2. To set the INBOUND CONNECT TIMEOUT on listener, first check the existing value.

LSNRCTL> show inbound_connect_timeout
Connecting to (DESCRIPTION=(ADDRESS=(PROTOCOL=IPC)(KEY=EXTPROC1531)))
LISTENER parameter "inbound_connect_timeout" set to 60
The command completed successfully

# Now set the value to 110 seconds
LSNRCTL>set  INBOUND_CONNECT_TIMEOUT_LISTENER=110

Other Areas -

If the application server is using Connection Pool, then following parameters worth to look at. These are standard features offered by various application servers and not the platform/Technology specific.
If you run into a timeout it can mean that your definition of the timeouts in the data-source are not sufficient. The following timeout parameters can be set:

abandoned-connection-timeout
Sets the maximum time that a connection can remain unused before the connection is closed and returned to the cache. A connection is considered unused if it has not had SQL database activity. When AbandonedConnectionTimeout is set, JDBC monitors SQL database activity on each logical connection. For example, when stmt.execute() is invoked on the connection, a heartbeat is registered to convey that this connection is active. The heartbeats are set at each database execution. If a connection has been inactive for the specified amount of time, the underlying connection is reclaimed and returned to the cache for reuse.

time-to-live-timeout
The maximum time, in seconds, a used connection may be active. When this timeout expires, the used connection is unconditionally closed, the relevant statement handles are canceled, and the connection is returned to the connection pool.

Inactivity timeout
Maximum time for which an unused connection can be kept in the pool.
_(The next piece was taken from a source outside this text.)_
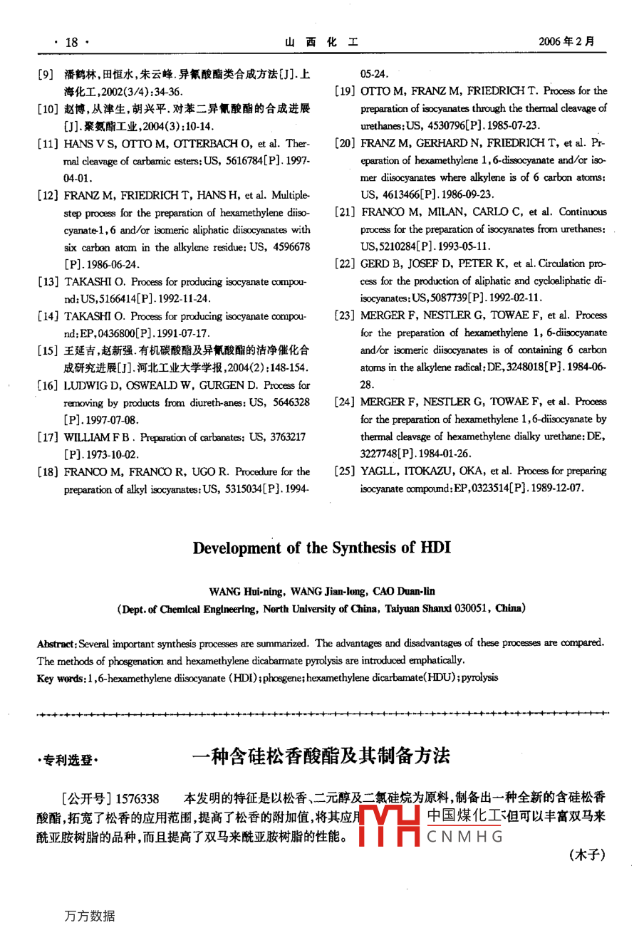 第26卷第1期山西化工Vol.26 No.12006年2月SHANXI CHEMICAL INDUSTRYFeb. 2006綿述與論壇HDI合成工藝進(jìn)展王慧寧,王建龍,曹 端林(中北大學(xué)化學(xué)工程系,山西太原030051)摘要:綜述了六亞甲基二異氰酸酯(HDI)的幾種主要合成工藝,并對(duì)其優(yōu)缺點(diǎn)進(jìn)行了分析,著重介紹了光氣法和六亞甲基二氨基甲酸甲酯(HDU)熱解法。關(guān)鍵詞:六亞甲基二異氰酸酯(HDI);光氣,六亞甲基二氨基甲酸甲酯(HDU);熱解中圖分類號(hào):0623.7文獻(xiàn)標(biāo)識(shí)碼:A文章編號(hào):1004-7050(2006)01-0014-05很多,大致可分為光氣法和非光氣法兩大類,本文對(duì)引盲其工藝進(jìn)行綜述。六亞甲基二異氰酸酯(HDI)為無(wú)色或淺黃色透1光氣法明液體,具有不泛黃的特點(diǎn)1,廣泛應(yīng)用于飛機(jī)制1.1 兩步光氣法.造、汽車工業(yè)建筑材料、工業(yè)設(shè)備管道和保溫絕熱由己二胺(HDA)光氣化法可生成HDI。過(guò)去材料以及與人民生活密切相關(guān)的輕工業(yè)產(chǎn)品,如制采用的- -步高溫光氣法,由于副產(chǎn)物多、收率低,因鞋、合成革、電冰箱的保溫材料及防水材料等。而發(fā)展為現(xiàn)在使用的兩步光氣法。兩步光氣法的第HDI目前只有法國(guó)德國(guó)和日本等國(guó)有工業(yè)化一步反應(yīng)溫度較低,第二步溫度較高,故該法又稱冷生產(chǎn)。我國(guó)尚未大批量生產(chǎn),基本上依靠進(jìn)口。合熱兩步反應(yīng)法?;瘜W(xué)反應(yīng)式如(1)~(7)[2~51。成異氰酸酯的方法有20多種,制備HDI的方法也NH2(CH2)6NH2 + 200C2一→CIC0NH(CH2)6NH0OCl + 2HCl(1)NH2(CH2)6NH2 + 2HCI一NH2(CH2)6NH2. 2HCl2)NH2(CH2)6NH2 + aI00NH(CH2)6NHCOC1一→NH2(CH2)6NH2 .2HCl + 0CN(CH2)6N0O(3NH2(CH2)6NH2 +OCN(CH2)6NOO一→NH2(CH2)6NHCONH(CH2)6NH2(4)CICONH(CH2)6NHOOCl- +0CN(CH2)6NCO+ 2HCl(5)NH(CH2)6NH2 .2HCl + 200C2一+0CN(CH2)6N0O+ 6HCI(6)CICONH(CH2)6NHCOCl+ NH(CH2)6NH2 - -→NH(CH2)6NHCONH(CH2)6NHCOCl+ 2HCl +焦油狀物質(zhì)(7)第一步反應(yīng)保持溫度在80 C以下,主要發(fā)生前第- -步,將HDA溶解在惰性溶劑中,保持溫度四個(gè)反應(yīng);第二步反應(yīng)保持溫度80 C以上,主要發(fā)在20C~80 C(通常為40 C),導(dǎo)人光氣,進(jìn)行低生后三個(gè)反應(yīng)。溫反:IDA的鹽酸鹽。如中國(guó)煤化工反應(yīng)步驟簡(jiǎn)述如下:果反江(5)進(jìn)行得較快,生成的.YHC NMH發(fā)應(yīng),生成脈,產(chǎn)物收收稿日期:2005-09-05作者簡(jiǎn)介:王慧寧,女, 1981年出生,中北大學(xué)2003級(jí)碩士研究生,率較低;但如果反應(yīng)溫度低于20 C ,則需要制冷設(shè)主要從事精細(xì)化學(xué)品的合成及應(yīng)用研究工作。2006年2月王慧寧籌,HDI合成工藝進(jìn)展15●備,不利于工業(yè)化。低溫反應(yīng)中, HDA與光氣以摩精制,即可得到HDI。爾比為1:1導(dǎo)人,能得到理想效果。造鹽光氣法分為碳酸鹽法和鹽酸鹽法兩種,又以第二步,將第一步生成的反應(yīng)液升溫,并保持在碳酸鹽法較好。這是因?yàn)辂}酸與胺的反應(yīng)速度快,晶130心~190 C ,繼續(xù)導(dǎo)人光氣進(jìn)行高溫反應(yīng),即二粒大小不易控制;易產(chǎn)生晶粒間包液,使成鹽率難以氨基甲酰氯脫氯化氫的反應(yīng)(5),生成HDI。低于控制;又易生成氨基多鹽酸鹽,使料液黏度增大7。120 C時(shí),反應(yīng)(3)速度慢,對(duì)工業(yè)生產(chǎn)不實(shí)用;超過(guò)與直接法相比,造鹽光氣化法雖可較好地抑制200C,容易發(fā)生聚合,生成分子量較高的物質(zhì),使副產(chǎn)物,但反應(yīng)時(shí)間長(zhǎng)。此外,在HDI鹽酸鹽的制HDI收率低。造中,HDA和氯化氫的反應(yīng)進(jìn)行得非???如果簡(jiǎn)待反應(yīng)液變透明,反應(yīng)結(jié)束,再用惰性氣體驅(qū)除單地把氯化氫氣體通人HDA的惰性溶劑中,在未反應(yīng)的光氣和氯化氫。脫溶劑后進(jìn)行蒸餾精制,HDA濃度較高的情況下,因HDA鹽酸鹽的析出,會(huì)得到HDI。導(dǎo)致溶液黏度上升。因混合不易均勻,易殘留未反從兩步光氣法的反應(yīng)過(guò)程中可以看出:生成的應(yīng)的HDA,故光氣化后會(huì)增加脲及單異氰酸酯氯化脲類化合物將進(jìn)-步消耗光氣并形成樹脂狀的焦油物等副產(chǎn)物的量?;衔?直接影響異氰酸酯的收率。為避免在第一2非光氣法步反應(yīng)過(guò)程中形成脲類化合物, -般是在光氣化前將HDA先與氯化氫或二氧化碳成鹽,即下面介紹光汽法制HDI是傳統(tǒng)的方法,生產(chǎn)過(guò)程包括光的造鹽光氣法。氣的合成、工藝的處理(冷凍液化、貯存、輸送等)、1.2造鹽光氣法[6] .光氣化反應(yīng)、光氣的脫除、產(chǎn)品的分離與精制和尾氣此法是目前HDI工業(yè)化生產(chǎn)的主要方法,它克的處理等。雖然目前光氣法是制備HDI的主要方服了直接光氣法的缺點(diǎn)。法,但在生產(chǎn)過(guò)程中存在諸多問(wèn)題:由于光氣是劇毒首先,將HDA溶解在惰性溶劑中,通人氯化氫氣體,生產(chǎn)過(guò)程的安全環(huán)保等一系列工程技 術(shù)問(wèn)題或二氧化碳?xì)怏w進(jìn)行造鹽反應(yīng),生成HDA的鹽酸難以徹底解決;如果吸收處理不完善,在光氣法中有鹽或碳酸鹽;然后再與光氣進(jìn)行反應(yīng),制備HDI。大量的副產(chǎn)物氯化氫會(huì)泄漏造成環(huán)境污染;副產(chǎn)物造鹽的目的是為了保護(hù)HDA的氨基,以免氨基與氯化氫對(duì)生產(chǎn)過(guò)程的設(shè)備腐蝕嚴(yán)重,因此對(duì)設(shè)備材光氣反應(yīng)產(chǎn)物氨基甲酰氯發(fā)生反應(yī

However, there was one caveat here. Even after changing time out value, the connection was still timing out in 60 seconds only. Upon close examination we found out that this home was upgraded from 11.2.0.3 to 11.2.0.4 . 

Normally the SQLNET.ORA file contained in TNS_ADMIN_HOME affects the time out values on DB. In this case the value was modified in 11.2.0.4 home but TNS_ADMIN_HOME  was pointing to 11.2.0.3 home hence the new time out value was not reflecting. So there are 2 ways to fix it.
1. Either update TNS_ADMIN value to 11.2.0.4 home
2. Modify the 11.2.0.3 home SQLNET.ORA file. 

Once we fixed it the issue got resolved.